### Exercise goal
If a record contains a picture, leave the picture out and transcribe everything else exactly.

### Dataset
● ● ● ● ● ● ●

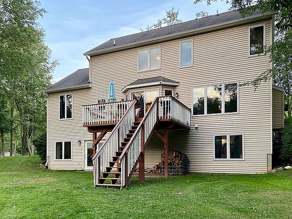Rare 2 story home featuring a finished walkout basement. This home rests on the corner lot with over an acre of property containing mature trees and therapeutic woodland garden to relax by a bonfire. The home boasts ample parking, 12x12 shed and invisible pet fence. This turn key property offers a spacious layout featuring newer paint and high quality hardwood floors. This home has a recent walkout basement remodel with open space, kitchen/wetbar and a large bedroom/in-law suite. This level also features a stunning full bath with large claw foot soaking tub/shower. Upstairs master bedroom suite has walk in closet, double sinks and jacuzzi tub. 2 additional bedrooms and a full bath compliment the upper level.
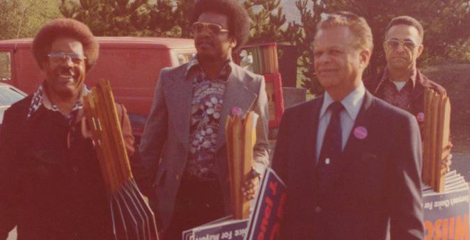 Attorney Clarence Davis, Sandré Swanson, Lionel Wilson and attorney James White campaign door-to-door. Photo from Wilson for Mayor Campaign files.
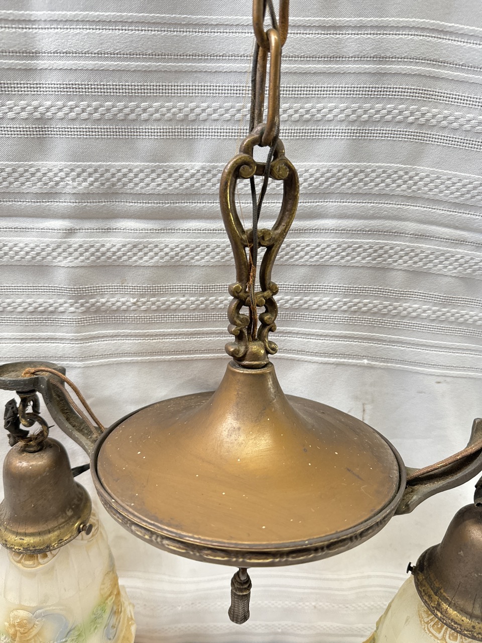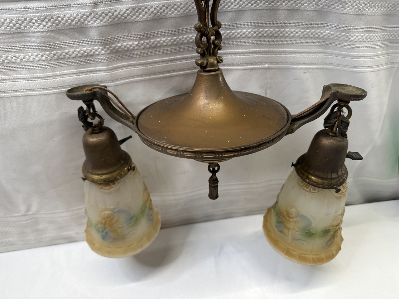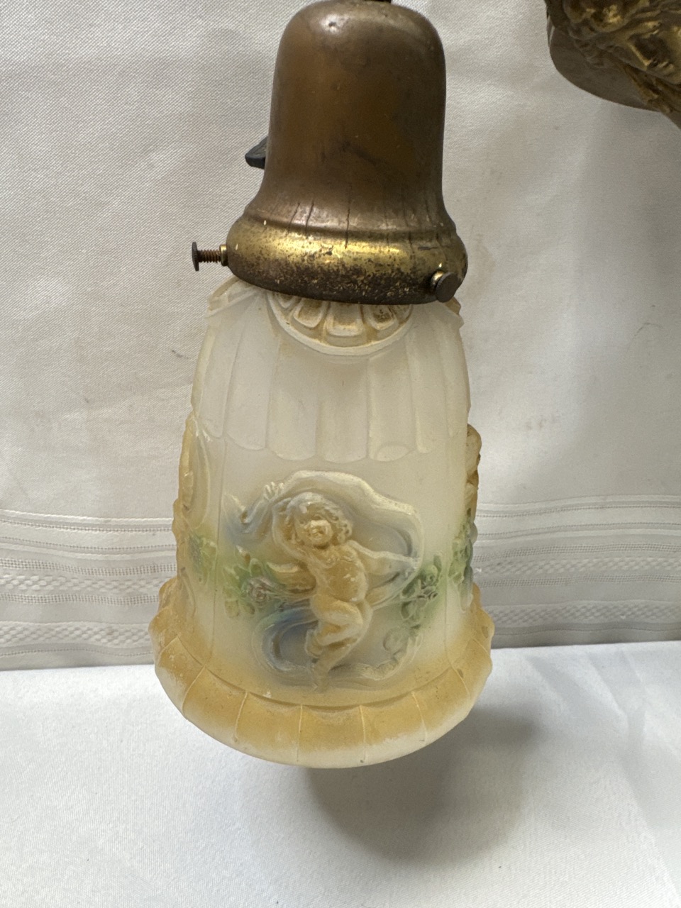 Victorian Art Nouveau Double Arm Light Fixture(15” W) with Figural Shades( 5.5” T x 5” Diameter Bottom)
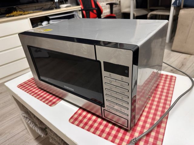 Detalles del productoMicroondas Samsung modelo GE87M-X con acabado en acero inoxidable.
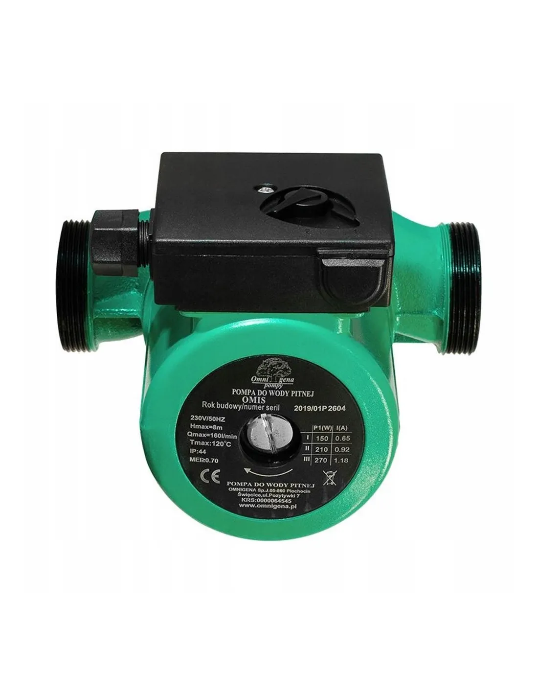 Urządzenie wyposażone jest w 3-biegowy silnik elektryczny o mocy odpowiednio 46/167/93 W. Pompa z rozstawem króćców przyłączeniowych 180 mm. Urządzenie jest przystosowane do pracy w obiegach wodnych lub obiegach zawierających wodę z glikolem w stosunku 50/50. Pompa współpracuje z cieczą o temperaturze w zakresie od 5°C do 120°C. Ten model dostarczany jest w zestawie ze śrubunkami. Zalecenia producenta: Pompa Omis nie może być wykorzystywana do obiegu wody zawierającej jakiekolwiek elementy stałe np.
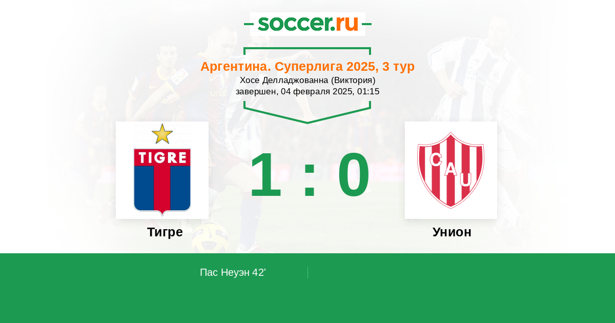 Протокол матча Тигре против Унион
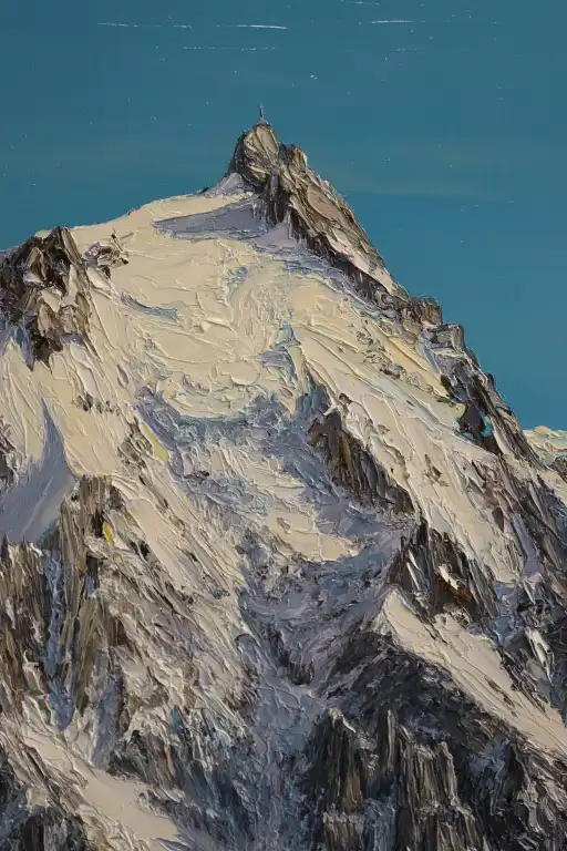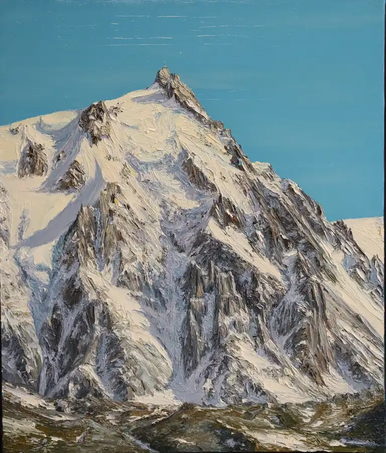 Philippe FESCOURT (né 1954). L'Aiguille du Midi. Huile sur toile, signée en bas à droite. 55 x 46 cm
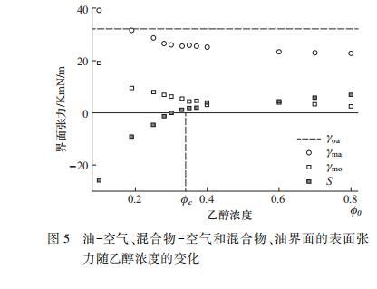 圖5油~空氣、混合物~空氣和混合物、油界面的表面張力隨乙醇濃度的變化
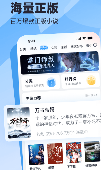 应用当中主打的就是免费可看高清又正版的小说内容,涵盖诸多的作品,其中的正版小说当中既有都市风格,也有玄幻、言情等,不管是男生还是女生喜欢的作品,都可根据专属的频道进行搜索。凡人修仙传这一部小说主要是一部以玄幻色彩为主的比较,喜欢看的话,可在相应的分类榜单当中来选择,也可利用搜索的功能,让自己拥有更好的追书体验。

● ● ● ● ● ● ●

### Your response
Rare 2 story home featuring a finished walkout basement. This home rests on the corner lot with over an acre of property containing mature trees and therapeutic woodland garden to relax by a bonfire. The home boasts ample parking, 12x12 shed and invisible pet fence. This turn key property offers a spacious layout featuring newer paint and high quality hardwood floors. This home has a recent walkout basement remodel with open space, kitchen/wetbar and a large bedroom/in-law suite. This level also features a stunning full bath with large claw foot soaking tub/shower. Upstairs master bedroom suite has walk in closet, double sinks and jacuzzi tub. 2 additional bedrooms and a full bath compliment the upper level.
 Attorney Clarence Davis, Sandré Swanson, Lionel Wilson and attorney James White campaign door-to-door. Photo from Wilson for Mayor Campaign files.
 Victorian Art Nouveau Double Arm Light Fixture(15” W) with Figural Shades( 5.5” T x 5” Diameter Bottom)
 Detalles del productoMicroondas Samsung modelo GE87M-X con acabado en acero inoxidable.
 Urządzenie wyposażone jest w 3-biegowy silnik elektryczny o mocy odpowiednio 46/167/93 W. Pompa z rozstawem króćców przyłączeniowych 180 mm. Urządzenie jest przystosowane do pracy w obiegach wodnych lub obiegach zawierających wodę z glikolem w stosunku 50/50. Pompa współpracuje z cieczą o temperaturze w zakresie od 5°C do 120°C. Ten model dostarczany jest w zestawie ze śrubunkami. Zalecenia producenta: Pompa Omis nie może być wykorzystywana do obiegu wody zawierającej jakiekolwiek elementy stałe np.
 Протокол матча Тигре против Унион
 Philippe FESCOURT (né 1954). L'Aiguille du Midi. Huile sur toile, signée en bas à droite. 55 x 46 cm
 圖5油~空氣、混合物~空氣和混合物、油界面的表面張力隨乙醇濃度的變化
 应用当中主打的就是免费可看高清又正版的小说内容,涵盖诸多的作品,其中的正版小说当中既有都市风格,也有玄幻、言情等,不管是男生还是女生喜欢的作品,都可根据专属的频道进行搜索。凡人修仙传这一部小说主要是一部以玄幻色彩为主的比较,喜欢看的话,可在相应的分类榜单当中来选择,也可利用搜索的功能,让自己拥有更好的追书体验。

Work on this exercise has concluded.